The man in 2017 suffered multiple disc herniations in his neck, which led to radiating pain in his limbs in his work for pet food company Big Heart Pet Brands Inc., which provided nonsurgical “conservative treatment” for his injury under its workers comp insurance plan, according to documents in Civil Action No. 21-2047-KHV, filed in the United States District Court, District of Kansas, in Kansas City.

As part of treatment, one doctor issued an impairment rating, opining that further treatment was needed. Because of pain, the man suffered “mental problems,” of which both the employer and its comp insurer Indemnity Insurance Co. of North America were made aware of, documents state.

Following months of care, including a prescription for the opioid Oxycodone, work limitations that included light duty, and the eventual authorization for surgery, the man, who “had difficulty working due to severe pain” was found “unresponsive” in late December 2018, less than one month before his scheduled surgery. He was transported to a hospital where he died two days later. His death certificate listed “probable acute opiate intoxication as the cause of death and referenced positive test results for opiates, amphetamines and alcohol,” documents state.

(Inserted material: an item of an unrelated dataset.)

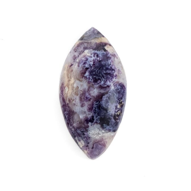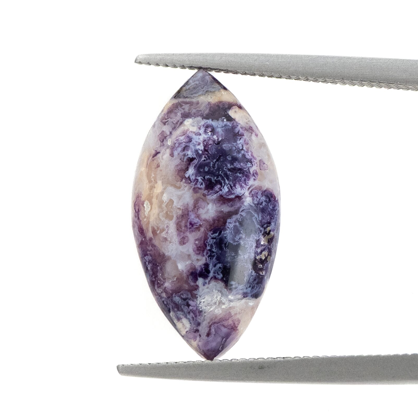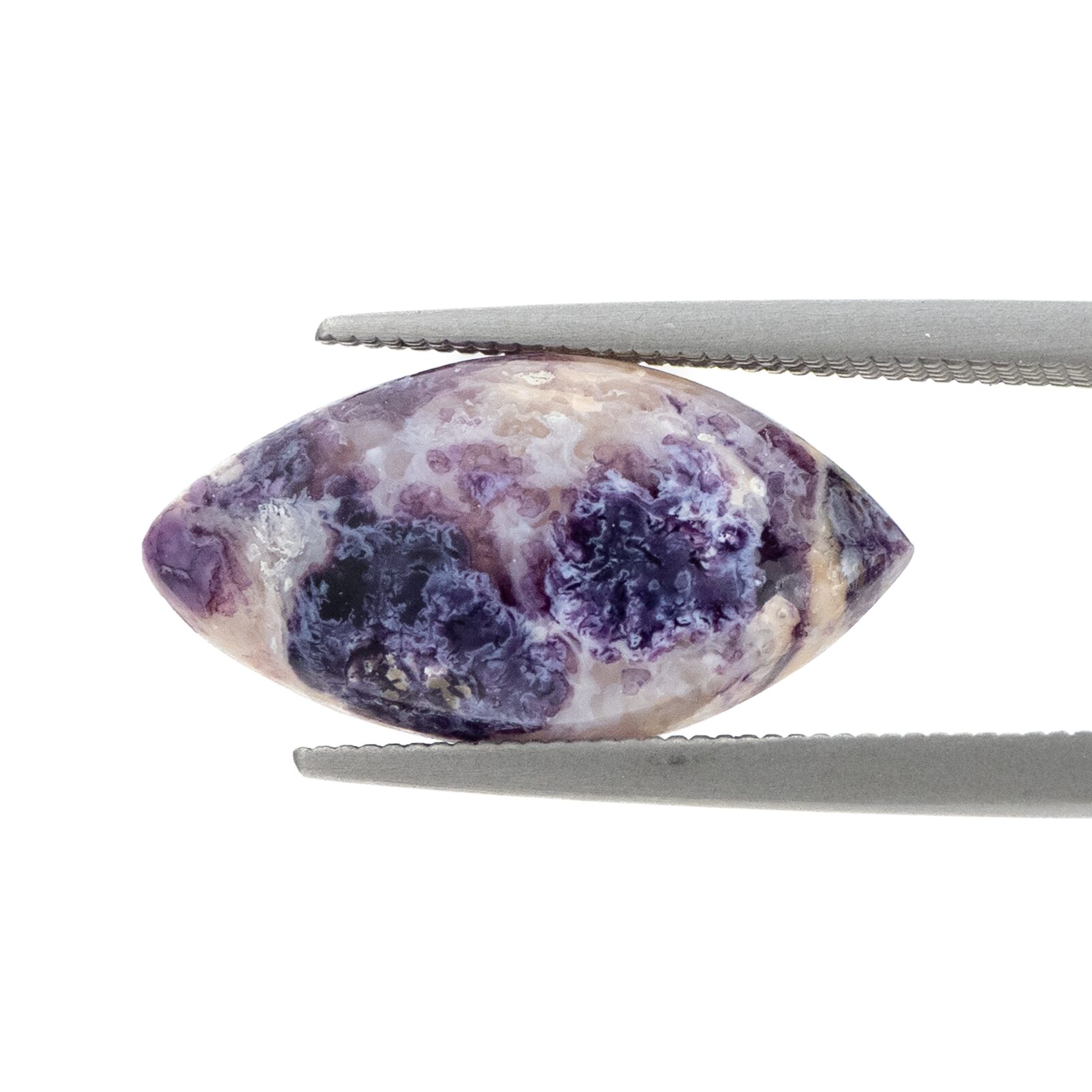 これまで見てきたティファニーストーンは、薄い色合いであることが多く、華やかな印象はありませんでした。今回セレクトしたルースたちは、みな紫の色が濃く、マットなホワイトとのコントラストが見事。2色の対照的な色が織りなす複雑なモザイク模様は、キリッと凛とした美しさで、品よくノーブルな雰囲気です。

His parents sued the employer, insurer and TPA Gallagher Bassett Services Inc. in 2020, alleging that after their son suffered a workplace injury, “defendants delayed or denied authorization for medical treatment, causing pain and suffering and eventually his death” and “assert claims of negligence, negligence per se and bad faith refusal to timely authorize medical treatment.”

A federal district judge granted the defendants motions to dismiss, writing in part that Kansas law doesn’t “recognize the tort of bad faith” and that “(e)ven if Kansas law permitted an injured employee to sue a worker’s compensation insurance carrier based on the implied covenant of good faith and fair dealing, plaintiffs have not stated a claim on which relief can be granted.”

The judge wrote that for the parents to “prevail on a claim for breach of the covenant of good faith and fair dealing, plaintiffs” they must “plead a cause of action for breach of contract, not a separate cause of action for breach of duty of good faith, and… point to a term of the contract which the defendant allegedly violated by failing to abide by the good faith spirit of that term,” of which the judge argued the plaintiffs failed to do.